For the entries that follow, produce an exact copy with no pictures in it.

Items listed in a dataset:
※

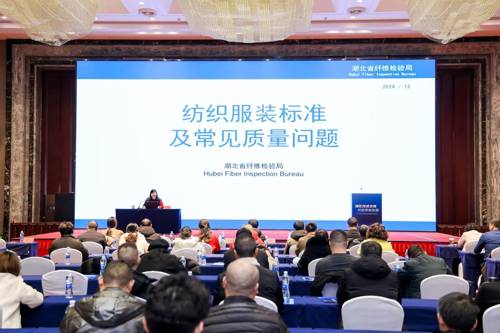 質量大講堂上,圍繞質量管理體系建設并結合湖北企業質量發展需求,中國標準化研究院周芳芳介紹了質量管理的發展歷程、分享了質量管理以及建設的相關知識和經驗。湖北省纖維檢驗局宋雨薇對紡織服裝產品標準及常見質量問題進行專題授課,介紹了紡織服裝產品標準分類,并對紡織服裝標準進行解讀。
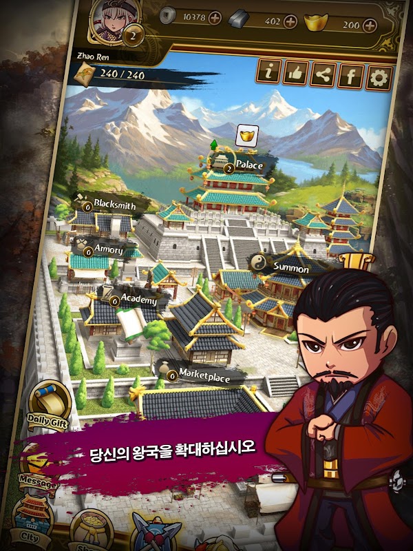 삼국시대의 영웅들을 소환하고, 당신의 전략과 기술을 현명하게 구사하여, 한나라의 혼란기에 왕국을 통합하기 현실적 전략으로 전쟁터를 이끌어야 합니다. 퍼즐 게임 영역에 있는 3개 이상의 아이템을 매치하여 적에 대해 필요한 능수란한 전쟁을 시작하십시오
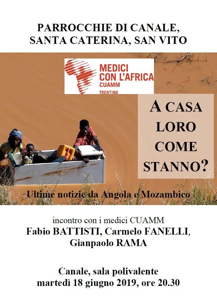 A casa loro come stanno? Ultime notizie da Angola e Mozambico   Martedì 18 giugno 2019 ore 20.30 CANALE di Pergine Valsugana (Trento), sala Polivalente  Incontro con i medici Cuamm Fabio BATTISTI, Carmelo FANELLI, Gianpaolo RAMA organizzato da PARROCCHIE DI CANALE, SANTA CATERINA, SAN VITO. 61828356_2194360997352231_1718680864855949312_n
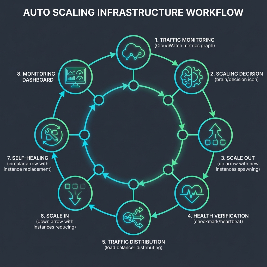 Scaling Decision: Auto Scaling policies evaluate metrics against thresholds (CPU > 70%, memory > 80%, request latency > 500ms).
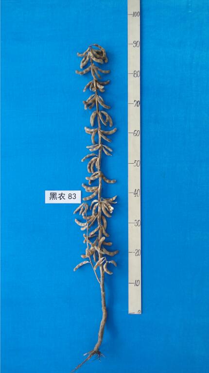 黑农83是黑龙江省农业科学院大豆研究所以60Co-γ射线120Gy处理黑农37的突变体哈交96-9为母本,合97-793为父本进行杂交,采用系谱法选育而成,2017年审定推广,审定号:国审豆20170008,品种权号为:CNA20172118.2。
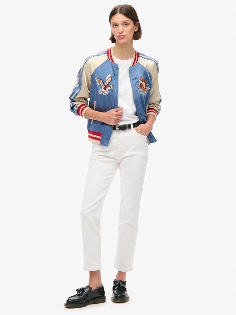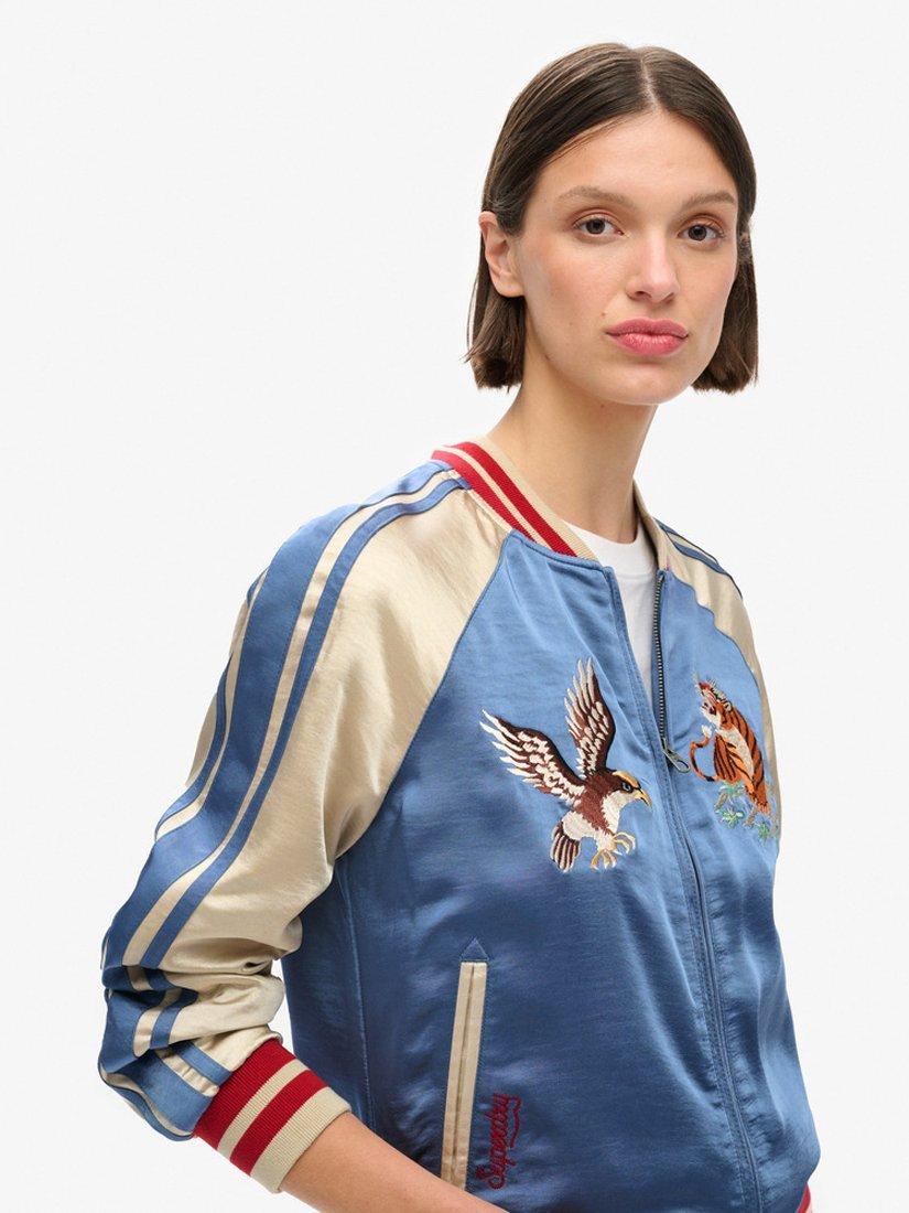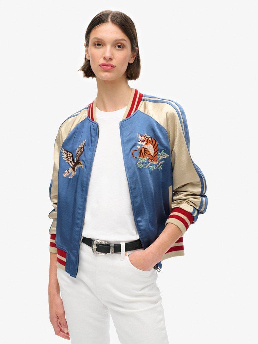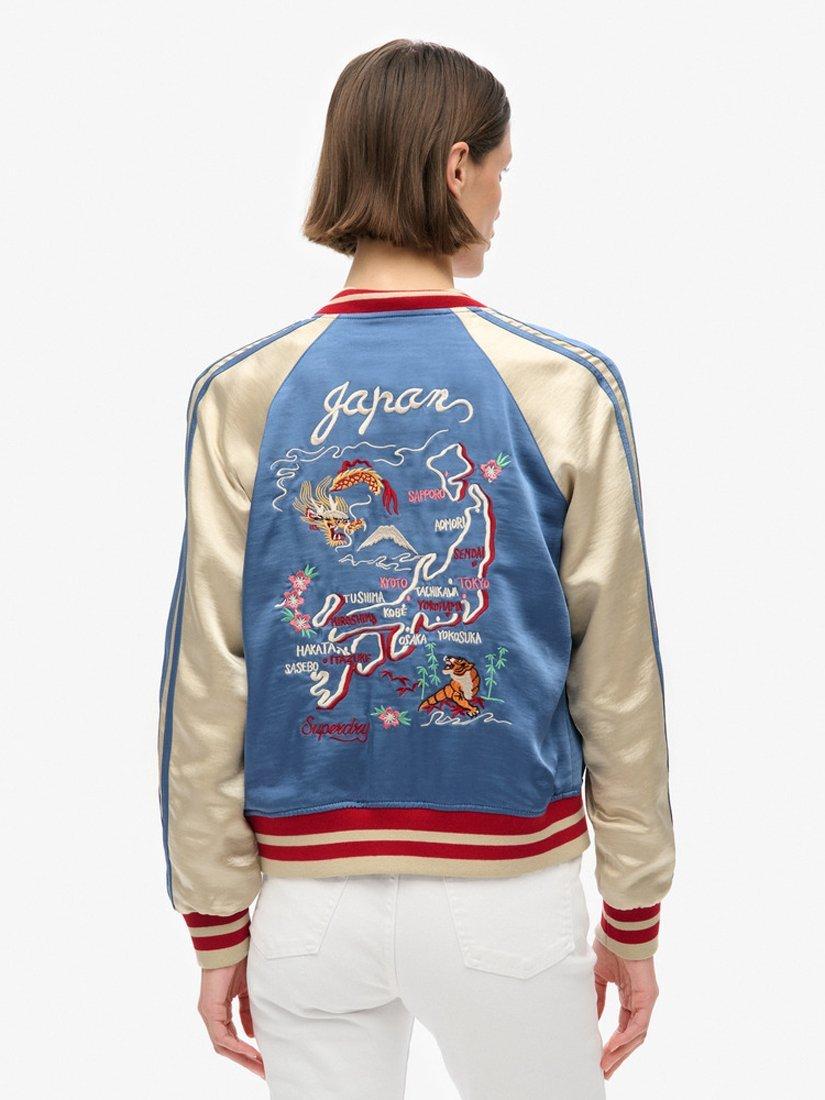 Crafted with heritage and attention to detail. Our Sukajan Embroidered Bomber jacket pays homage to Japanese and American varsity jackets whilst still being distinctively Superdry. The material has a soft, comfortable silk feel; it is embroidered with a map of Japan on the back and embroidered images on the front to showcase its mixed culture of Japan and America.
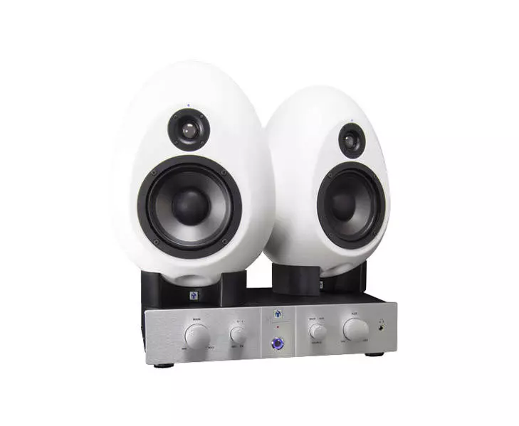 The EGG150 Monitoring System features a pair of analogue EGG speakers with a custom-designed amplifier control unit. Electronics are housed inside the amp, rather than inside the EGGs themselves. Each EGG is made with a rigid and resonant-neutral monocoque shell and equipped with a 150mm LF driver and a 25mm HF tweeter.
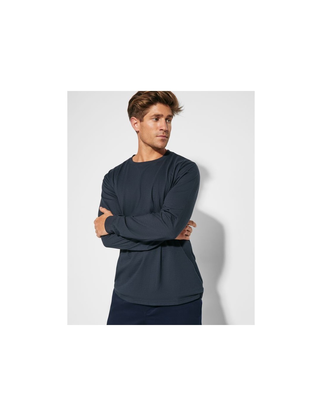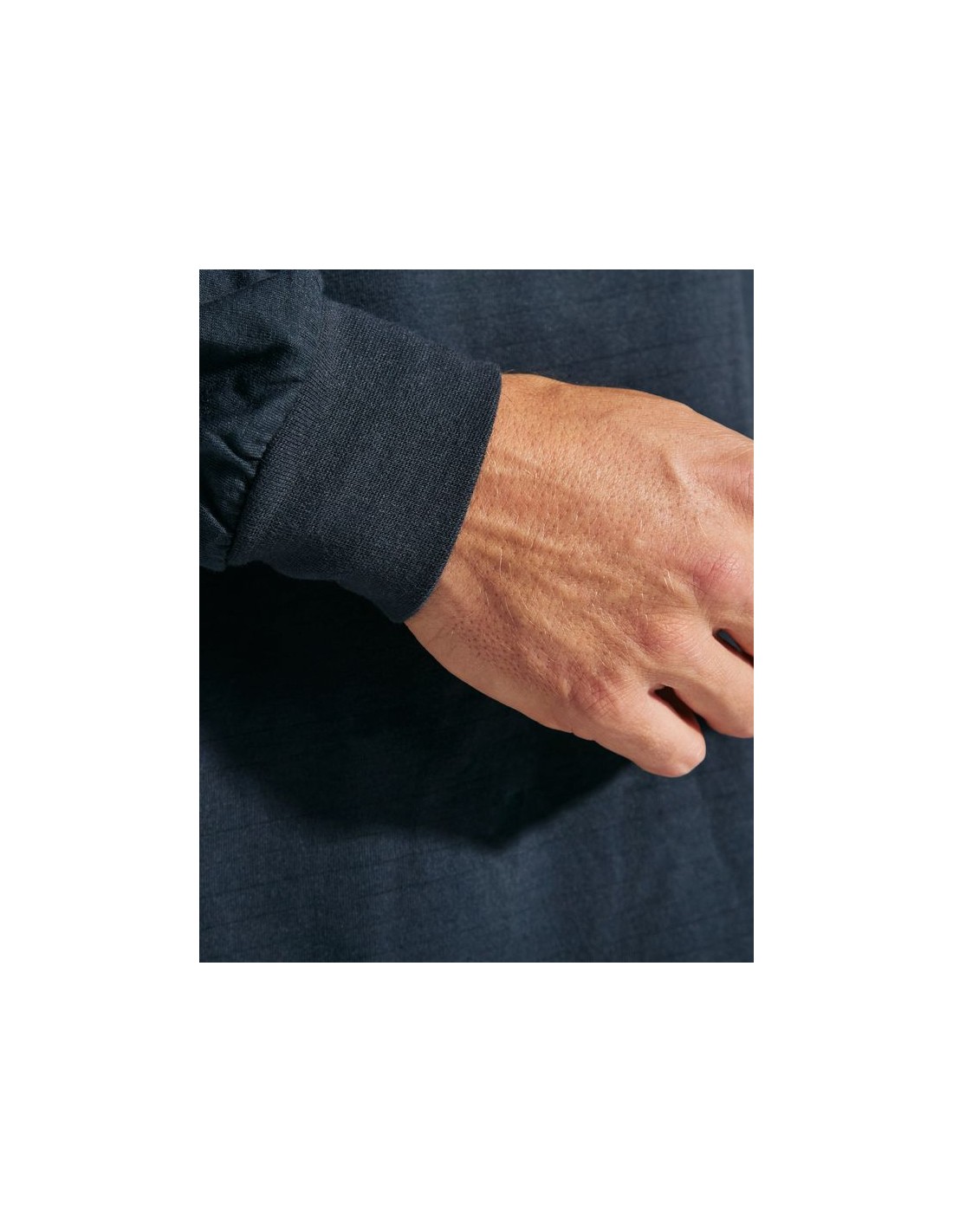Maglia a maniche lunghe in tessuto ignifugo, girocollo con cuciture di copertura, collo e polsini a costine 1x1, cuciture laterali.
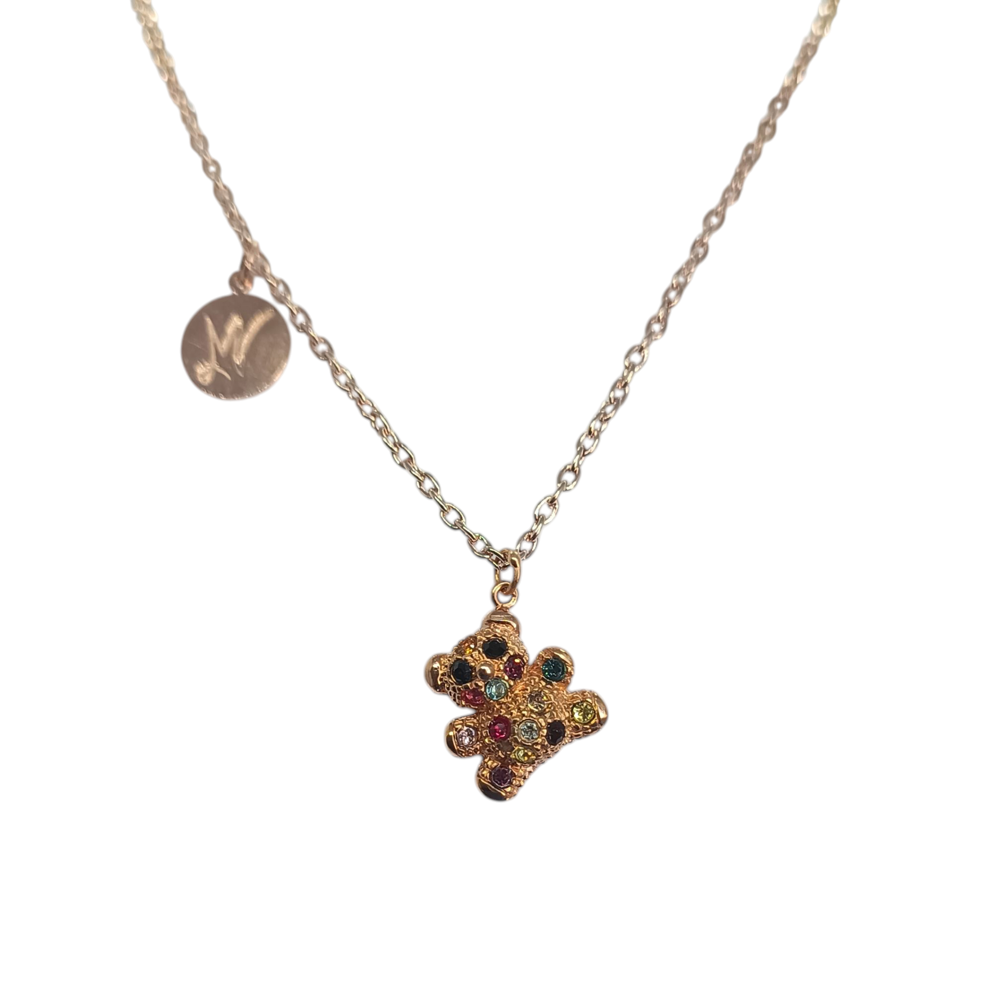 COLGANTE OSITO PELUCHE MULTICOLOR, LATÓN, BAÑO DE ORO ROSA, PIEDRAS SWAROVSKI.
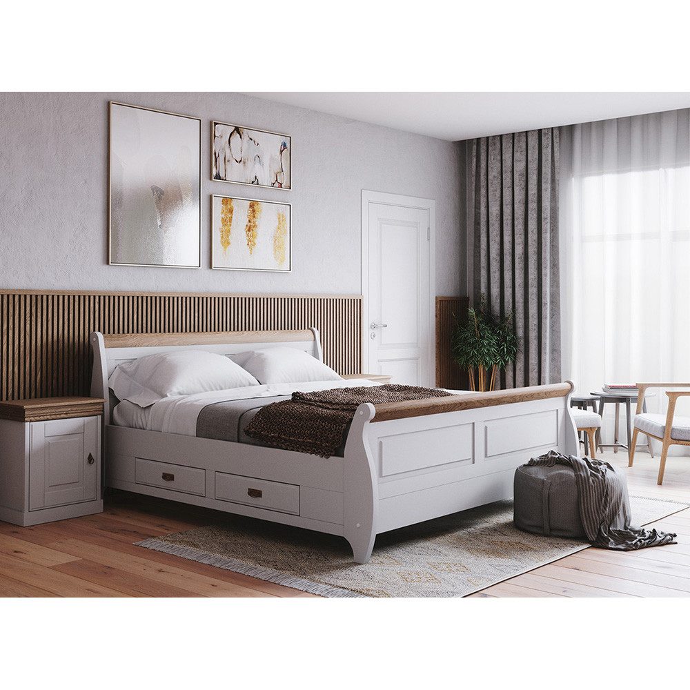 Die natürliche Holzoptik setzt warme Akzente, während das Bett mit vier Schubladen praktischen Stauraum bietet. Die harmonische Kombination aus weißer Oberfläche und naturfarbener Deckplatte schafft ein modernes, freundliches und hochwertiges Ambiente.
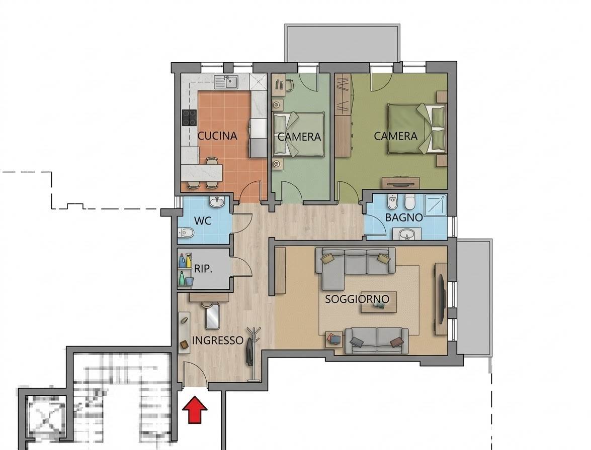Per chi necessita di una terza camera da letto, con qualche lavoro di ristrutturazione è possibile ricavare una camera da letto al posto dell'attuale cucina e creare una zona giorno con angolo cottura.
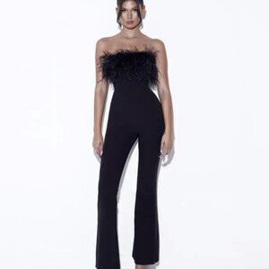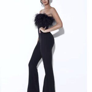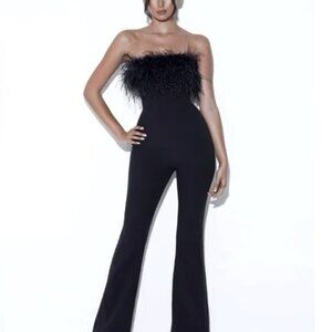Miss Circle Kylan Black Feather Jumpsuit Size L

※

Exercise answer:
 質量大講堂上,圍繞質量管理體系建設并結合湖北企業質量發展需求,中國標準化研究院周芳芳介紹了質量管理的發展歷程、分享了質量管理以及建設的相關知識和經驗。湖北省纖維檢驗局宋雨薇對紡織服裝產品標準及常見質量問題進行專題授課,介紹了紡織服裝產品標準分類,并對紡織服裝標準進行解讀。
 삼국시대의 영웅들을 소환하고, 당신의 전략과 기술을 현명하게 구사하여, 한나라의 혼란기에 왕국을 통합하기 현실적 전략으로 전쟁터를 이끌어야 합니다. 퍼즐 게임 영역에 있는 3개 이상의 아이템을 매치하여 적에 대해 필요한 능수란한 전쟁을 시작하십시오
 A casa loro come stanno? Ultime notizie da Angola e Mozambico   Martedì 18 giugno 2019 ore 20.30 CANALE di Pergine Valsugana (Trento), sala Polivalente  Incontro con i medici Cuamm Fabio BATTISTI, Carmelo FANELLI, Gianpaolo RAMA organizzato da PARROCCHIE DI CANALE, SANTA CATERINA, SAN VITO. 61828356_2194360997352231_1718680864855949312_n
 Scaling Decision: Auto Scaling policies evaluate metrics against thresholds (CPU > 70%, memory > 80%, request latency > 500ms).
 黑农83是黑龙江省农业科学院大豆研究所以60Co-γ射线120Gy处理黑农37的突变体哈交96-9为母本,合97-793为父本进行杂交,采用系谱法选育而成,2017年审定推广,审定号:国审豆20170008,品种权号为:CNA20172118.2。
 Crafted with heritage and attention to detail. Our Sukajan Embroidered Bomber jacket pays homage to Japanese and American varsity jackets whilst still being distinctively Superdry. The material has a soft, comfortable silk feel; it is embroidered with a map of Japan on the back and embroidered images on the front to showcase its mixed culture of Japan and America.
 The EGG150 Monitoring System features a pair of analogue EGG speakers with a custom-designed amplifier control unit. Electronics are housed inside the amp, rather than inside the EGGs themselves. Each EGG is made with a rigid and resonant-neutral monocoque shell and equipped with a 150mm LF driver and a 25mm HF tweeter.
Maglia a maniche lunghe in tessuto ignifugo, girocollo con cuciture di copertura, collo e polsini a costine 1x1, cuciture laterali.
 COLGANTE OSITO PELUCHE MULTICOLOR, LATÓN, BAÑO DE ORO ROSA, PIEDRAS SWAROVSKI.
 Die natürliche Holzoptik setzt warme Akzente, während das Bett mit vier Schubladen praktischen Stauraum bietet. Die harmonische Kombination aus weißer Oberfläche und naturfarbener Deckplatte schafft ein modernes, freundliches und hochwertiges Ambiente.
Per chi necessita di una terza camera da letto, con qualche lavoro di ristrutturazione è possibile ricavare una camera da letto al posto dell'attuale cucina e creare una zona giorno con angolo cottura.
Miss Circle Kylan Black Feather Jumpsuit Size L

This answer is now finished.